BTW, we just bought a new Tiguan 4motion SEL loaded. This thing has the largest sunroof I've ever seen in a car. If you guys get a chance, you need to drive one. VW will sell every one it gets. Its that good. Every bit as solid as the Treg. Feels very tight and sprightly. Every one in the office took it out for a ride and two went to the dealer to see about getting one. I could not believe how much room it had inside. We did a two year lease and will trade it in when the deisel version comes out. The manager said that they had a US diesel version at the dealer intro test drive in Atlanta. Expected EPA ratings are 28 city, 35 hwy. Nowhere close to 40 MPG. The Jetta TDI will be 45 City - 54 Hwy. Their hoping to get the Tiguan TDI first qarter of 09 instead of 4th quarter. US VW boss says the Tiguan is critical for VWs US sales so its putting priority over the Treg.


----------



## TREGinginCO (Jan 4, 2004)

*Re: The V6 TDI mileage numbers . . . (jrtouareg)*


_Quote, originally posted by *jrtouareg* »_
We did a two year lease and will trade it in when the deisel version comes out. The manager said that they had a US diesel version at the dealer intro test drive in Atlanta. Expected EPA ratings are 28 city, 35 hwy. Nowhere close to 40 MPG. The Jetta TDI will be 45 City - 54 Hwy. Their hoping to get the Tiguan TDI first qarter of 09 instead of 4th quarter.

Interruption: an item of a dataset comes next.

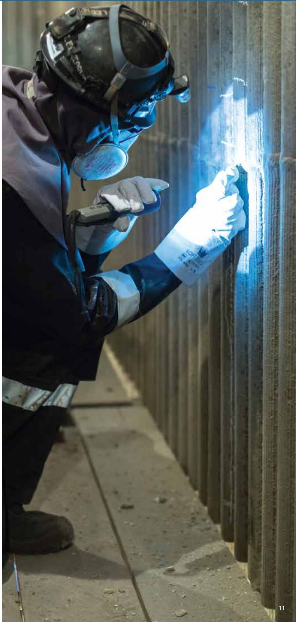
Field inspection of existing overlay

A tailored maintenance program is the most cost-effective way to protect your asset. During the maintenance program, we monitor the performance of your assets on a regular basis.

I just had a talk with my sources at VWoA again today and asked again about a Tiguan TDI for the U.S. and as of right now... there are still no plans to bring the TDI version of the Tiggy stateside. If dealerships are saying otherwise, they don't know what they're talking about.
Wishful thinking is different than reality (wow, that's deep







)


----------



## jrtouareg (Jun 15, 2005)

*Re: The V6 TDI mileage numbers . . . (TREGinginCO)*


_Quote, originally posted by *TREGinginCO* »_
I just had a talk with my sources at VWoA again today and asked again about a Tiguan TDI for the U.S. and as of right now... there are still no plans to bring the TDI version of the Tiggy stateside. If dealerships are saying otherwise, they don't know what they're talking about.
Wishful thinking is different than reality (wow, that's deep







)

Are you kidding me? I haven't signed the papers yet since I'm off to go motorcycle racing this weekend. I'm suppose to go by Monday to do this. Should I return the Tiguan? They supposedly had a diesel Tig in Atlanta at the dealer test drive. They told him within a year they will have the diesel version.


----------



## VolksTrooper (Dec 4, 2007)

*Re: The V6 TDI mileage numbers . . . (spockcat)*


_Quote, originally posted by *spockcat* »_
You really think that AWD brick of a small SUV will get mid 40s REAL WORLD MPG? 
Keep in mind that the best economy rating posted for the Tiguan (the 140 hp 2.0 TDI with manual transmission) is 40.5 US MPG highway. That same Tiguan is also rated for 26.7 US MPG city.
The 170 hp, 2.0 TDI with 6 speed auto box (what we would be more likely to get) is rated 39.2 US MPG highway and 26.7 US MPG city. 
Remember, it has a weight of over 3500 lbs empty without options.
I guess you can call me a skeptic. 
http://www.volkswagen.de/vwcms....html

_Modified by spockcat at 4:59 PM 5-16-2008_

Vw always rates their Cars alot lower than actual milage, you will see that also in the new TDI Jetta ratings for 09' The same was done with the Tiguan TDI. People have reported high 40's Highway mileage with the 140 hp TDI engine and I don't doubt it. Remember the AWD drive option adds little to NO fuel mileage penalty to this vehicle. You can even see this with the Gas engine that's currently available. The awd gives u a penalty of perhaps 1 mpg. So just imagine the vehicle as a fwd and it's very possible.


----------



## spockcat (Jun 5, 2003)

*Re: The V6 TDI mileage numbers . . . (VolksTrooper)*


_Quote, originally posted by *VolksTrooper* »_
Vw always rates their Cars alot lower than actual milage, you will see that also in the new TDI Jetta ratings for 09' The same was done with the Tiguan TDI. People have reported high 40's Highway mileage with the 140 hp TDI engine and I don't doubt it. Remember the AWD drive option adds little to NO fuel mileage penalty to this vehicle. You can even see this with the Gas engine that's currently available. The awd gives u a penalty of perhaps 1 mpg. So just imagine the vehicle as a fwd and it's very possible. 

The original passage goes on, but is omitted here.